The type A personality is a collection of behaviors that include impatience and a sense of urgency about accomplishing most tasks; aggressiveness and sometimes hostility toward others, especially those who “get in the way”; and a desire for achievement that leads to exaggerated competitiveness and striving for success. Type A personalities lead fast-paced lives; they speak quickly, walk quickly, eat quickly—all in an attempt to accomplish as much as possible in as little time as possible. By comparison, type B personalities are relaxed and easygoing, less concerned with the pressures of success (but are not lazy), and generally lead less hectic lives.

History and Importance

Interest in type A behavior first arose in the 1950s when two cardiologists, Meyer Friedman and Ray Rosenman, noticed that patients with coronary problems seemed to behave differently from noncoronary patients. Careful observation led Friedman and Rosenman to describe the type A behavior pattern as “an action-emotion complex that can be observed in any person who is aggressively involved in a chronic, incessant struggle to achieve more and more in less and less time, and if required to do so, against the opposing efforts of other things and other persons.” Subsequent research sought to validate speculation that the type A pattern made a person prone to coronary disease. In one of the most famous early studies, the Western Collaborative Group Study (WCGS), more than 3,000 middle-aged men were followed for 8½ years beginning in 1960–1961.

All the men were free from coronary disease at the beginning of the study. When data collection was terminated in 1969, nearly twice as many type A personalities as type B personalities had developed coronary heart disease. At the time, type A behavior appeared to be a personality or lifestyle predictor of coronary disease on par with traditional and well-known risk factors such as smoking, high cholesterol, and hypertension.

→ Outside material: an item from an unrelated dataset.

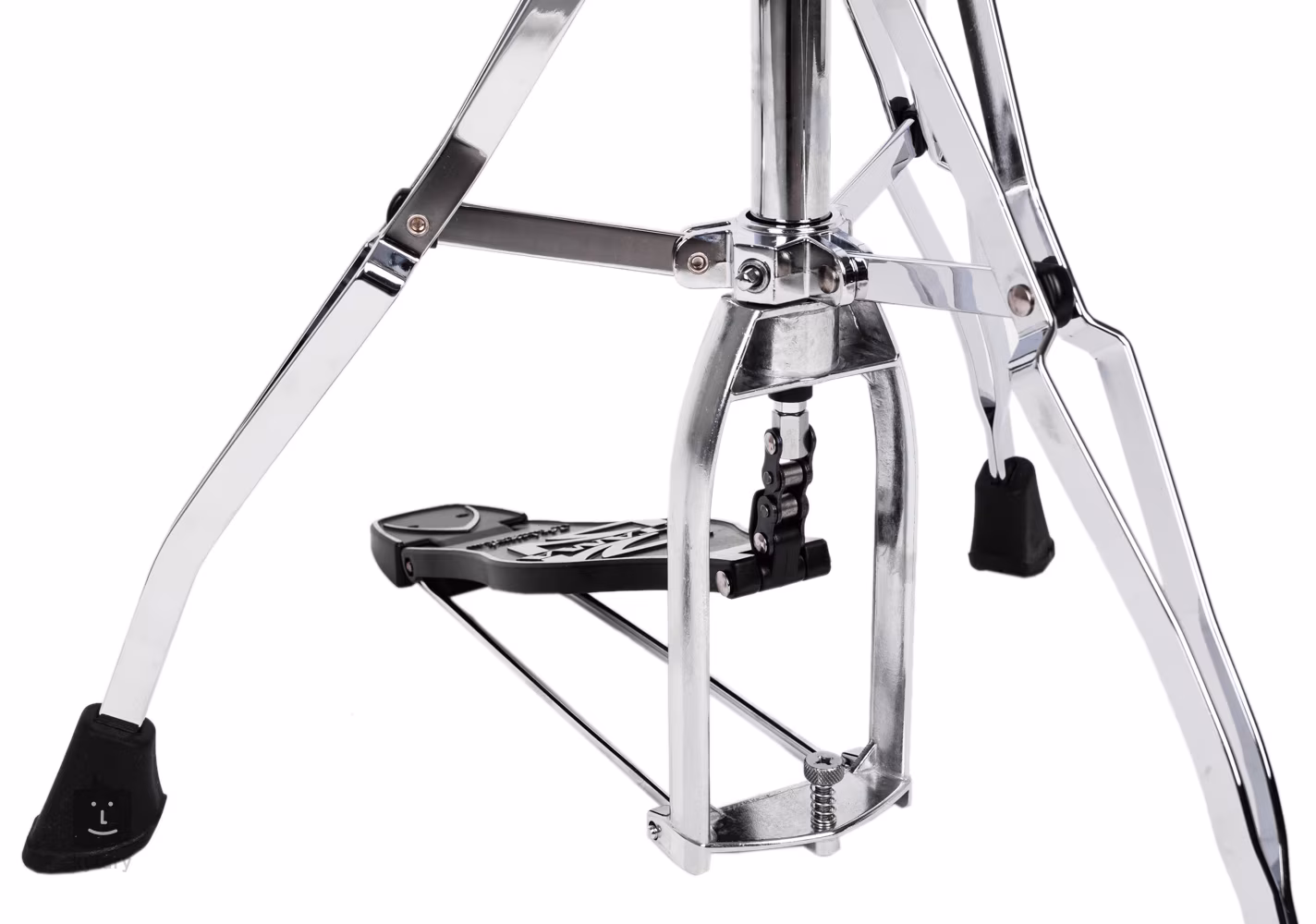 Hi-hat stojan řady Stage Master s pevným převodem má konstrukci umožňující rotaci pedálu v rámci trojnožky a uživatel tak má maximální volnost při rozestavění bicí sestavy. Paměťová objímka spolehlivě stabilizuje nastavenou výšku a nylonová izolace na konci tyče eliminuje nežádoucí kontakt kovu na kov. Stabilitu a minimální obsazení prostoru v rámci celé bicí sestavy zajišťuje nová konstrukce dvojitých noh.

Other medical research soon followed and with it came mixed results and controversy. Some studies replicated the WCGS, but others (including longerterm follow-ups of the WCGS sample) did not, and the results for women and various ethnic groups were not always consistent. Much of the confusion could be traced to the way type A behavior was measured in research. The original method for identifying type A behavior is called the structured interview (SI). It is time-consuming and requires special training to administer. Alternative questionnaire measures, the most well-known being the Jenkins Activity Survey, were developed to allow faster and more efficient assessment. Unfortunately, the questionnaires mimic the content of the SI but do not include the challenges that are part of the interview nor do they capture the speech style and nonverbal cues that are crucial to identifying type A behavior during the SI. Not surprisingly, research conducted with the two forms of assessment does not always arrive at similar conclusions because different features of type A behavior are being emphasized. In some ways, this problem was a blessing in disguise because it prompted researchers to explore how particular facets of type A behavior are related to coronary risk.